Material provided —

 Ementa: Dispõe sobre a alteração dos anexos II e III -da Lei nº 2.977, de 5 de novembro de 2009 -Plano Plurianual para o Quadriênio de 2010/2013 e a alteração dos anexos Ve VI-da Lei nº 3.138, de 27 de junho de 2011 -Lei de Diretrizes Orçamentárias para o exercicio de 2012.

---

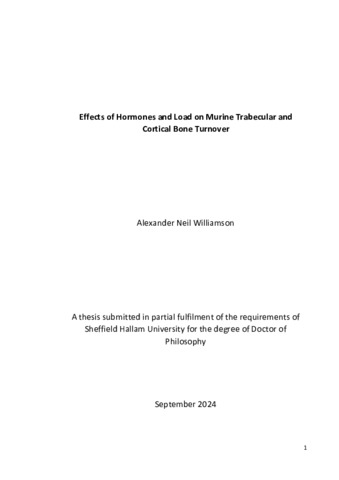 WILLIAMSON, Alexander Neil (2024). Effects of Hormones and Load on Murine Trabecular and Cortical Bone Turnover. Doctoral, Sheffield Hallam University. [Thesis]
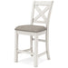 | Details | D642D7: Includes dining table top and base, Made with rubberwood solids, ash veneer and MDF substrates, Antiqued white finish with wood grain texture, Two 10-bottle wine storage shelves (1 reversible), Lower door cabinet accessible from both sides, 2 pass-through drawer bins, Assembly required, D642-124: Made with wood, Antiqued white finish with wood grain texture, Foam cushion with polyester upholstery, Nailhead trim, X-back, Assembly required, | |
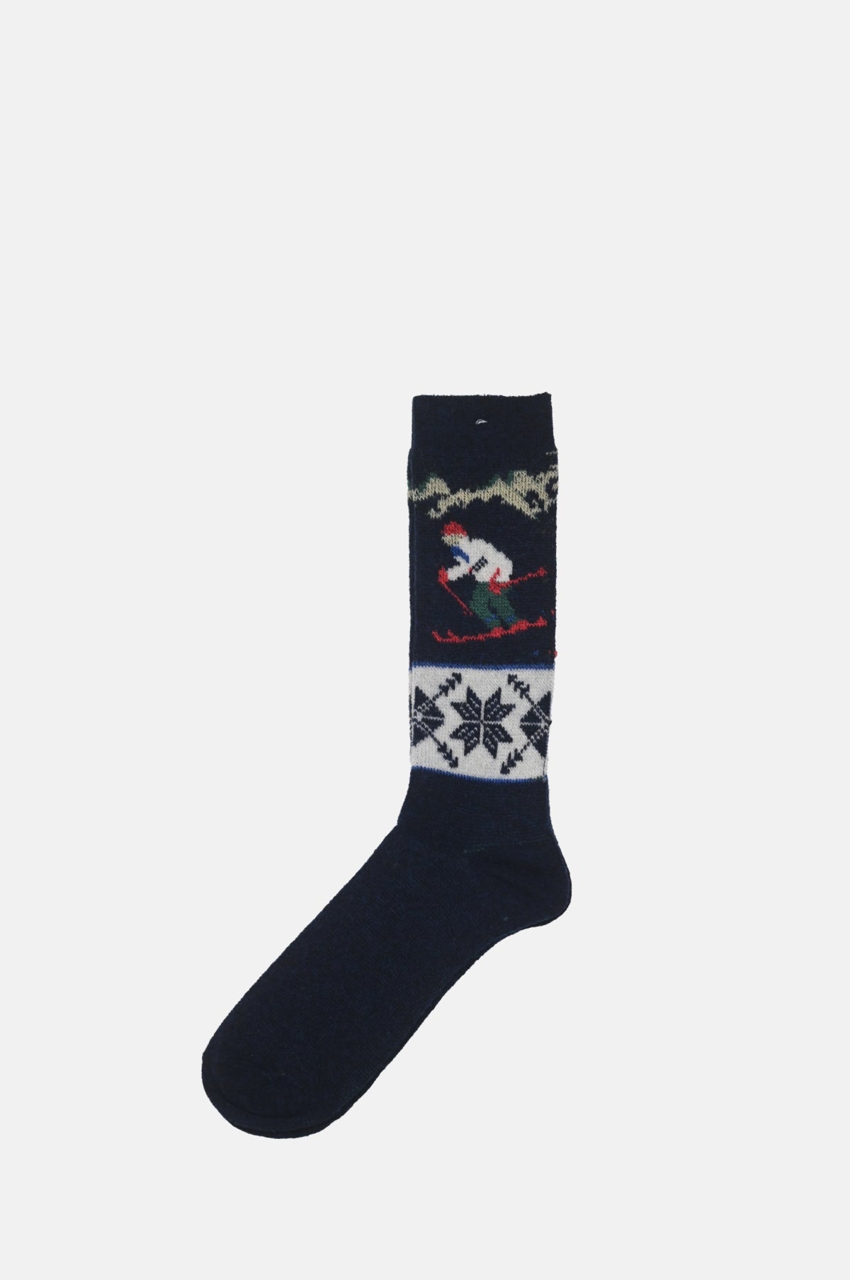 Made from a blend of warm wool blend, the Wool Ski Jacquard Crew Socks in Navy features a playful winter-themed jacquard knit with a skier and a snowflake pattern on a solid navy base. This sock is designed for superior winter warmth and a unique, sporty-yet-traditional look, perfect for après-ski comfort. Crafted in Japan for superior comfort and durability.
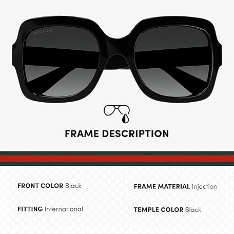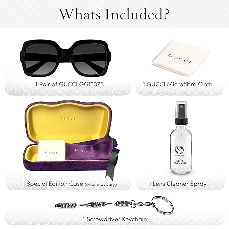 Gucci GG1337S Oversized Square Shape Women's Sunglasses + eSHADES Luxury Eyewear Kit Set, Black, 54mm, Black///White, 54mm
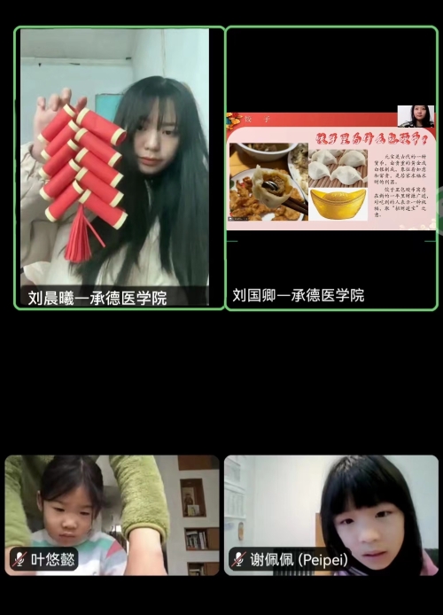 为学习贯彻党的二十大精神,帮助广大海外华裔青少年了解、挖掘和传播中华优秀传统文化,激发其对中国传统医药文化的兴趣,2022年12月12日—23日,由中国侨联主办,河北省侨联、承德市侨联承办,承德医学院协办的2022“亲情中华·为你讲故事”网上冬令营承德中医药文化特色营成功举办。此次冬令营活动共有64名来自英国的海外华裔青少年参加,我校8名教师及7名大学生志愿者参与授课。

Goal of the exercise —
Give again the stretch of the entries above that begins at the line with "Gucci GG1337S Oversized" and ends at the line with "为学习贯彻党的二十大精神,帮", word for word, with no pictures.

Reply to the task —
 Gucci GG1337S Oversized Square Shape Women's Sunglasses + eSHADES Luxury Eyewear Kit Set, Black, 54mm, Black///White, 54mm
 为学习贯彻党的二十大精神,帮助广大海外华裔青少年了解、挖掘和传播中华优秀传统文化,激发其对中国传统医药文化的兴趣,2022年12月12日—23日,由中国侨联主办,河北省侨联、承德市侨联承办,承德医学院协办的2022“亲情中华·为你讲故事”网上冬令营承德中医药文化特色营成功举办。此次冬令营活动共有64名来自英国的海外华裔青少年参加,我校8名教师及7名大学生志愿者参与授课。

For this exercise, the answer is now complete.